Syaikhul Islam Ibnu Taimiyyah rahimahullah juga menjelaskan bahwa illat (alasan) larangan adalah kekhawatiran terjadinya kemabukan, karena wadah-wadah tersebut mempercepat proses peragian. Setelah khamr diharamkan secara mutlak, maka semua minuman yang memabukkan haram hukumnya, dan larangan wadah menjadi pelajaran tentang sebab-sebab yang bisa mengantarkan pada yang diharamkan.
Pelajaran dari atsar ini:
- Para sahabat sangat berhati-hati dalam masalah yang syubhat (samar), apalagi yang berkaitan dengan minuman.
- Mereka tidak mudah berkata "ini halal" tanpa kejelasan dalil, bahkan Ibnu Abbas yang merupakan ulama besar umat ini memilih untuk menghindar.
- Sikap wara' (kehati-hatian) ini adalah warisan berharga dari para sahabat dan tabi'in.
Story Telling
Diriwayatkan bahwa ketika larangan khamr turun, para sahabat langsung menumpahkan semua perasan kurma yang mereka miliki, bahkan di jalan-jalan Madinah. Ibnu Umar radhiyallahu 'anhuma berkata: "Ketika khamr diharamkan, kami tidak lagi meminumnya, dan kami tidak menganggapnya halal." Ini menunjukkan betapa cepatnya mereka meninggalkan apa yang dilarang Allah, tanpa menunda-nunda.
Sikap Ibnu Abbas yang khawatir terhadap al-muzza' ini juga mengajarkan kita: seorang alim yang paling dalam ilmunya pun tetap merasa khawatir jika ada kemungkinan jatuh pada yang diharamkan.
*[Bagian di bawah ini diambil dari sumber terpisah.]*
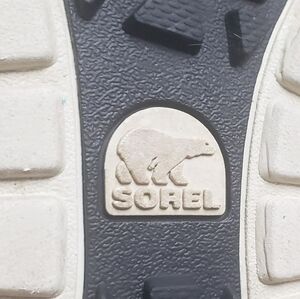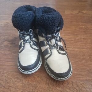 Sorel fleece Womens Leather Cozy Carnival Waterproof Ankle Boots cream Black Size 8, midsole is white with black dots, black fleece interior,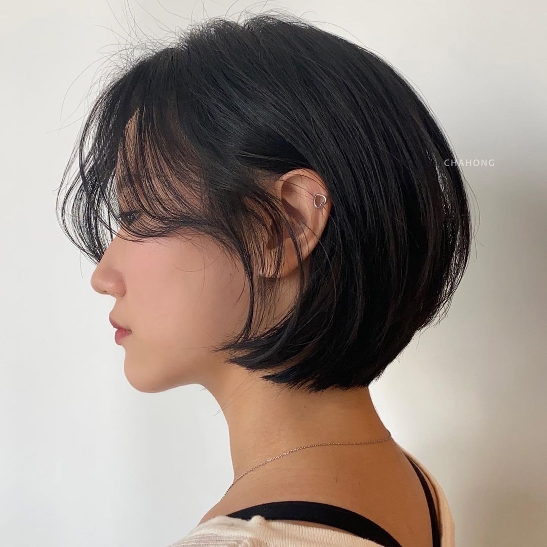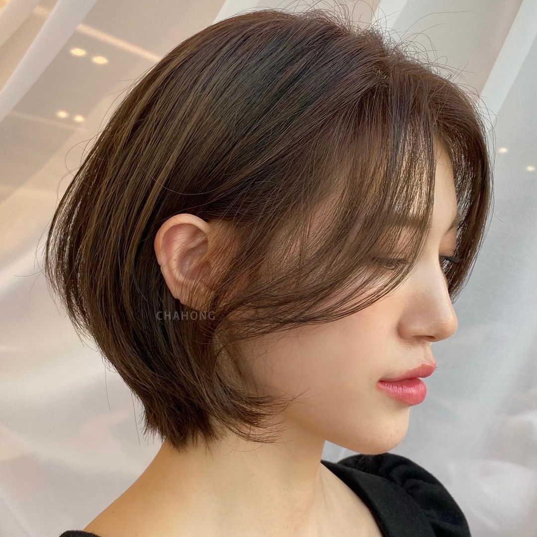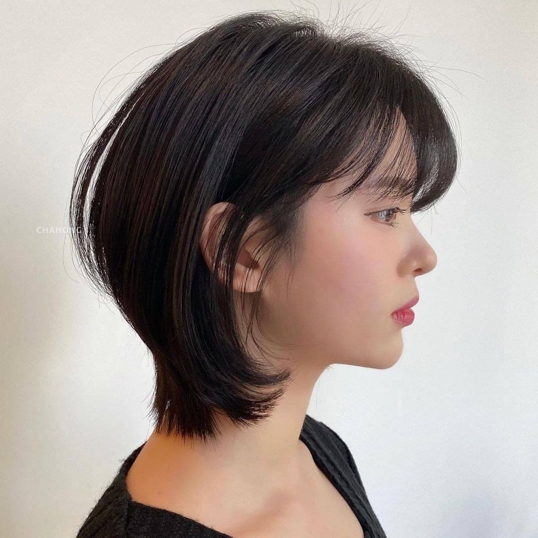 Kiểu tóc ngắn tỉa layer phiên bản hot nhất tại các salon Hàn Quốc thường không bỏ qua phần tóc mái. Cụ thể, các quý cô xứ Hàn có thể để mái lưa thưa, mái rèm cửa, hay mái chéo lơ thơ vài sợi đều được và chính chi tiết này sẽ càng làm gọn mặt tốt hơn nhưng vẫn đảm bảo độ sáng sủa, nhẹ mát. Chưa hết, tóc ngắn tỉa layer, để mái cũng ghi điểm ở sự trẻ trung, ngọt ngào và tạo sự mềm mại cho gương mặt chứ không hề bị cứng nhắc chút nào.

Ini adalah buah dari takwa, sebagaimana firman Allah:
وَمَنْ يَتَّقِ اللَّهَ يَجْعَلْ لَهُ مَخْرَجًا
"Barangsiapa bertakwa kepada Allah, niscaya Dia akan memberinya jalan keluar." (QS. Ath-Thalaq [65]: 2)
Kesimpulan Praktis
- Hindari semua minuman yang memabukkan, baik sedikit maupun banyak, karena "apa yang banyak memabukkan, maka sedikitnya pun haram" (HR. Abu Dawud, Tirmidzi, dan dinilai shahih oleh al-Albani).
- Jangan meremehkan larangan Nabi ﷺ meskipun kita belum memahami hikmahnya secara sempurna.
- Bersikap wara' dalam masalah yang samar, terutama yang berkaitan dengan makanan dan minuman.
- Pelajari fiqih minuman dari ulama yang terpercaya agar tidak terjatuh pada yang diharamkan.
- Jadikan sikap Ibnu Abbas dan para tabi'in sebagai teladan dalam kehati-hatian beragama.
Semoga Allah memberi kita taufik untuk mengikuti petunjuk Al-Qur'an, sunnah Nabi ﷺ, dan pemahaman para ulama Ahlus Sunnah.